Can our gel cell be used as
a starting battery as well?
Our gel cell will work in SLI (Starting, Lighting and Ignition)
applications providing the voltage is regulated between 13.8 and
14.1 volts at 68°F. Most vehicles regulators are set higher than
14.1 volts. Therefore, the charging system must be adjusted for the
battery to recharge properly for best performance and longest life.
What do the ratings and specifications
signify for this line?
All ratings are after 15 cycles and conform to BCI specifications.
CCA = Cold Cranking Amps at 0°F (17.8°C)
Cold cranking amps equal the number of amps of current a new,
fully charged battery will deliver at 0°F (17.8°C) for thirty seconds
of discharge and maintain at least 1.2 volts per cell (7.2 volts for
a 12-volt battery).
CA = Cranking Amps at 32°F (0°C)
Same as above, tested at 32°F (0°C). (Note: All cranking ratings
are guidelines. Gel batteries are designed for cycling foremost.)
RC = Reserve Capacity at 80°F (27°C)
The reserve capacity is the time in minutes that a new, fully charged
battery can be continuously discharged at 25 amps of current and
maintain at least 1.75 volts per cell (10.5 volts for a 12-volt battery).
Minutes discharged at 50, 25, 15, 8 and 5 Amps
Minutes discharged is the time in minutes that a new, fully charged
battery will deliver at various amps of current and maintain at least
1.75 volts per cell. These are nominal or average ratings.
Ampere Hour Capacity at 20, 6, 3 and 1 Hour Rates
Ampere hour capacity is a unit of measure that is calculated by
multiplying the current in amperes (amps) by the time in hours
of discharge to 1.75 volts per cell. (These are nominal or average
ratings.)
EXAMPLE
10 amps for 20 hr. (10 x 20) = 200 Ah @ 20 hr. rate
8 amps for 3 hr. (8 x 3) = 24 Ah @ 3 hr. rate
30 amps for 1 hr. (30 x 1) = 30 Ah @ 1 hr. rate
Therefore, if you have an application that requires
a draw of 17 amps for 3 hours, you would need
a 51 Ah battery (@ 3 hr. rate)(17 x 3 = 51).
However, the 51 amp hours delivered is
100% of the capacity of this 51 Ah battery.

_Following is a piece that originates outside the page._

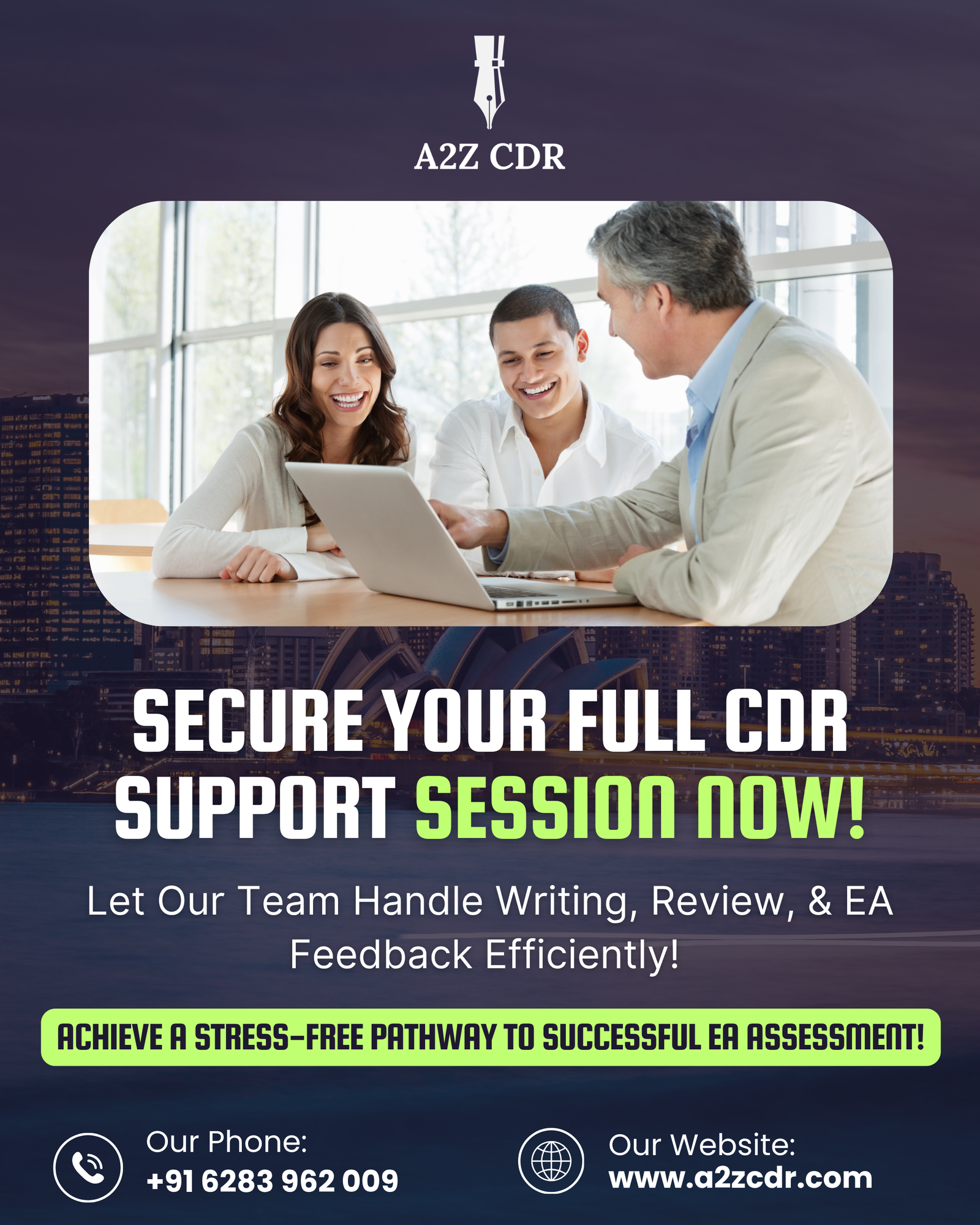 Writing an effective CDR requires precision, technical accuracy, and compliance with EA’s guidelines. If you’re unsure how to structure your CDR or need expert guidance, A2Z CDR Writing Services can help.
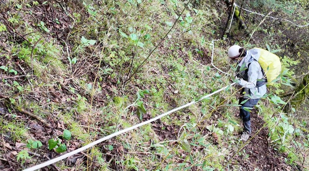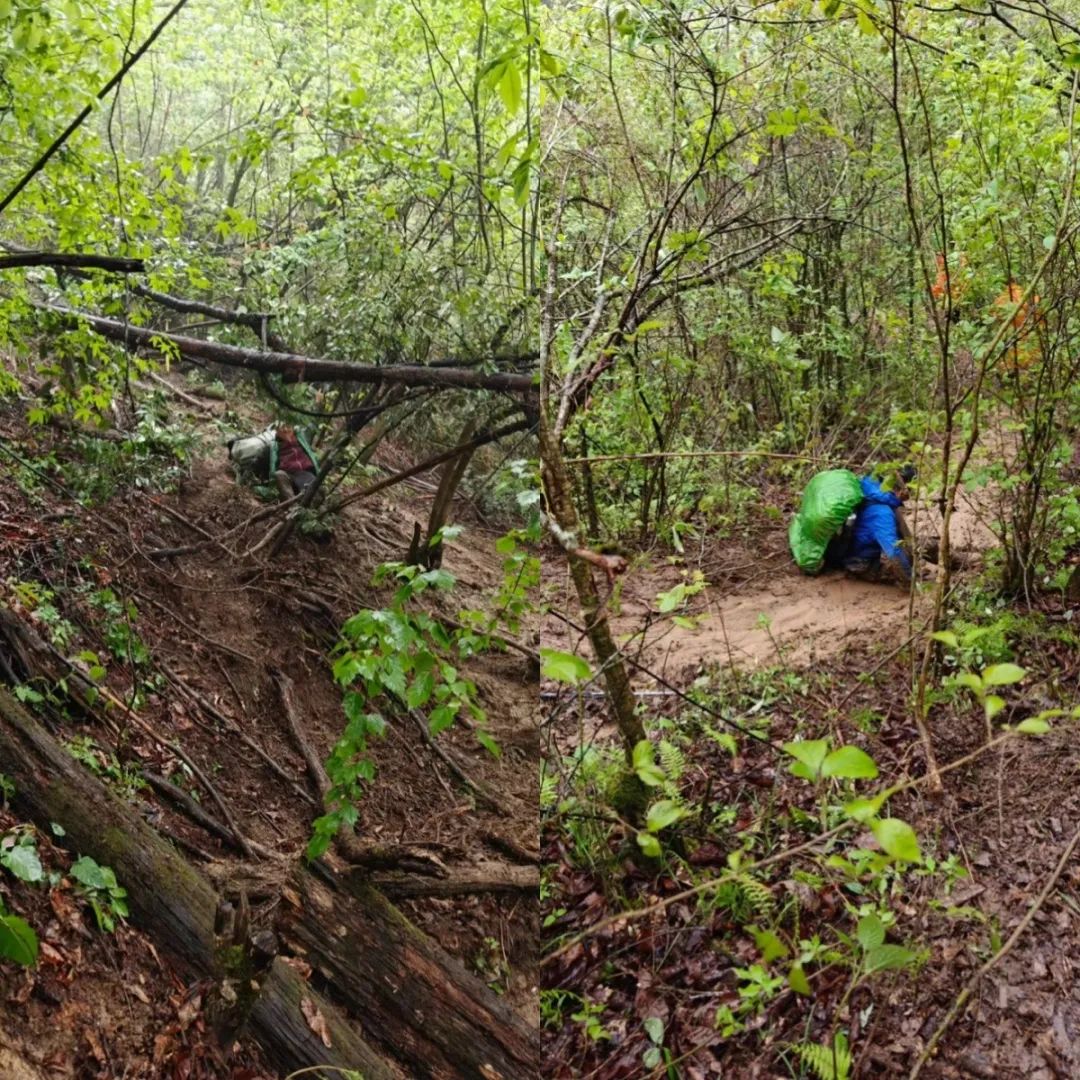 路?已经不算有路了。长时间的雨水冲刷,已经将泥土松散,近 70 度下降的陡坡,还有深一脚浅一脚的林间溪涧,一步三滑的湿泥路,最后不得不用上“屁降”。

Most system designs will specify a battery that will deliver a
minimum of twice the power required. This means the battery
will discharge to 50% of its capacity. Using a 50% depth of
discharge (versus 80% or 100%) will dramatically extend the life
of any battery. Therefore, when helping to specify a battery for a
system, choose a battery with twice the capacity required for best
performance. If 50 Ah is required, specify at least a 100 Ah
battery.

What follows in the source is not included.